Try this for a challenge. Your task is to thread a needle—but not your average sewing-kit variety. The needle in question is five miles away. No matter how fast you push the thread, it will take 9.5 years to get it there.
When your thread finally dangles in front of the needle’s eye, perfectly aligned, don’t get cocky, because a dust speck blowing by could fray your thread, ruining all that you’ve done. And did I mention that if you fail, you will have blown $700 million?
Now you have a sense of the slow-motion cliffhanger that is New Horizons, a NASA space probe currently racing toward Pluto and its large moon Charon at 35,000 miles per hour. “We have to hit our arrival time window within 450 seconds,” says principal investigator Alan Stern, a former chief of NASA’s science mission directorate who currently hangs his hat at Southwest Research Institute in Boulder, Colorado.
“In terms of distance, Pluto and Charon are orbiting 20,000 kilometers [12,000 miles] apart and we need to hit our aim point within 1 percent of that. And if we hit anything even the size of a rice grain, it could kill us.”
One might expect these to be restful times for the New Horizons team. Their spacecraft blasted off on January 19, 2006, and will not reach Pluto until July 2015. Right now, New Horizons cruises smoothly through interplanetary space. But nothing about Pluto is simple or predictable.
A Dwarf Oddball
Pluto is, by any measure, a strange and exotic world. When the dogged sky sleuth Clyde Tombaugh discovered it in 1930, he expected a massive world capable of disturbing the orbits of the giant outer planets Uranus and Neptune. Instead, Pluto seemed like a modest interloper in the outer solar system. Then with each additional observation, its estimated size and heft got smaller.
Today we know it is a pygmy, just 1,400 miles wide—two-thirds the diameter of our moon. For a while, many scientists even speculated that it was an escaped satellite of Neptune.

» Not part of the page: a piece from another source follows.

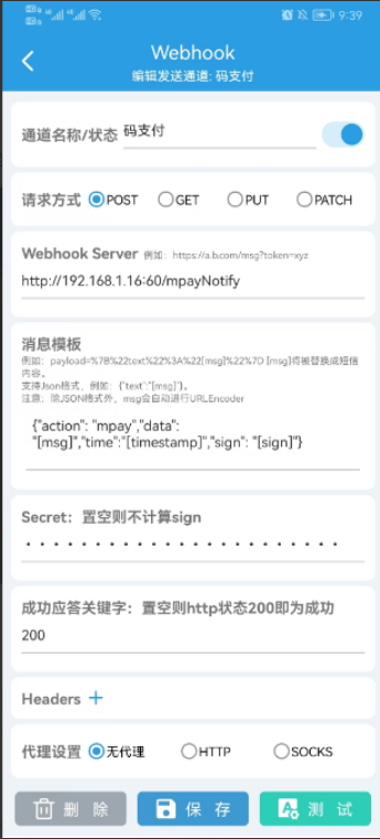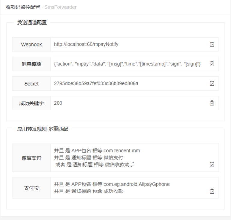 码支付使用的是开源工具短信转发器SmsForwarder来监听收款通知,SmsForwarder功能非常强大,喜欢搞机 的朋友可以多钻研,这是使用文档,短信转发器——监控Android手机短信、来电、APP通知,并根据指定规则转发到其他手机:钉钉机器人、企业微信群机器人、飞书机器人、企业微信应用消息、邮箱、bark、webhook、Telegram机器人、Server酱、PushPlus、手机短信等。

In the 1990s, thinking about Pluto shifted again with the realization that it is just one member of the Kuiper Belt, a swarm of thousands (if not millions) of tiny icy objects that circle the sun in the outer regions of the solar system. Like the asteroid belt between Jupiter and Mars, the Kuiper Belt consists of leftover planetary material that never gathered into a single large world.
In 2006, the International Astronomical Union stripped Pluto of its title and rechristened it a “dwarf planet.” Stern, who has ceaselessly championed Pluto’s importance, argues that dwarf planets are still planets. Hal Weaver of the Johns Hopkins University Applied Physics Laboratory, who collaborates with Stern on New Horizons, goes the other way and speaks of Pluto being “in some respects like a giant comet.”
The ongoing difficulty in classifying Pluto is understandable: It is not like any object humans have ever studied up close. It rotates on its side, meaning that one hemisphere bathes in sunshine for more than a century while the other is plunged in darkness. During this summer break, the distant sun, still more than 2.8 billion miles away, evaporates Pluto’s surface into a temporary atmosphere that probably freezes solid again a few decades later.
It follows a peculiar, oval orbit—unlike the other planets, though typical of Kuiper Belt objects—that at times carries it closer to the sun than Neptune. Even Charon, Pluto’s main moon, is an outlier. It is more than half as wide as Pluto itself, so large that the pair is more properly described as a double planet—or a double dwarf planet, or double Kuiper Belt Object, or whatever astronomers decide to call it next.
Trying to make more sense of this oddball system, Weaver and Stern joined up with a team of collaborators to book time on the Hubble Space Telescope and search for additional satellites around Pluto. In 2005 they found two, each about 50 miles wide, later named Nix and Hydra (partially to honor the New Horizons craft).
“At that point the Pluto system went from being a pair to a quadruple system. It had become a lot more interesting,” Stern says. Even so, when New Horizons launched a year later, “you could probably put everything we knew about Pluto all on one piece of paper, or one short Wikipedia article.”
The next breakthroughs—and the beginning of the nail-biting—came in the summers of 2011 and 2012 when further Hubble observations turned up two more satellites, still unnamed and designated P4 and P5.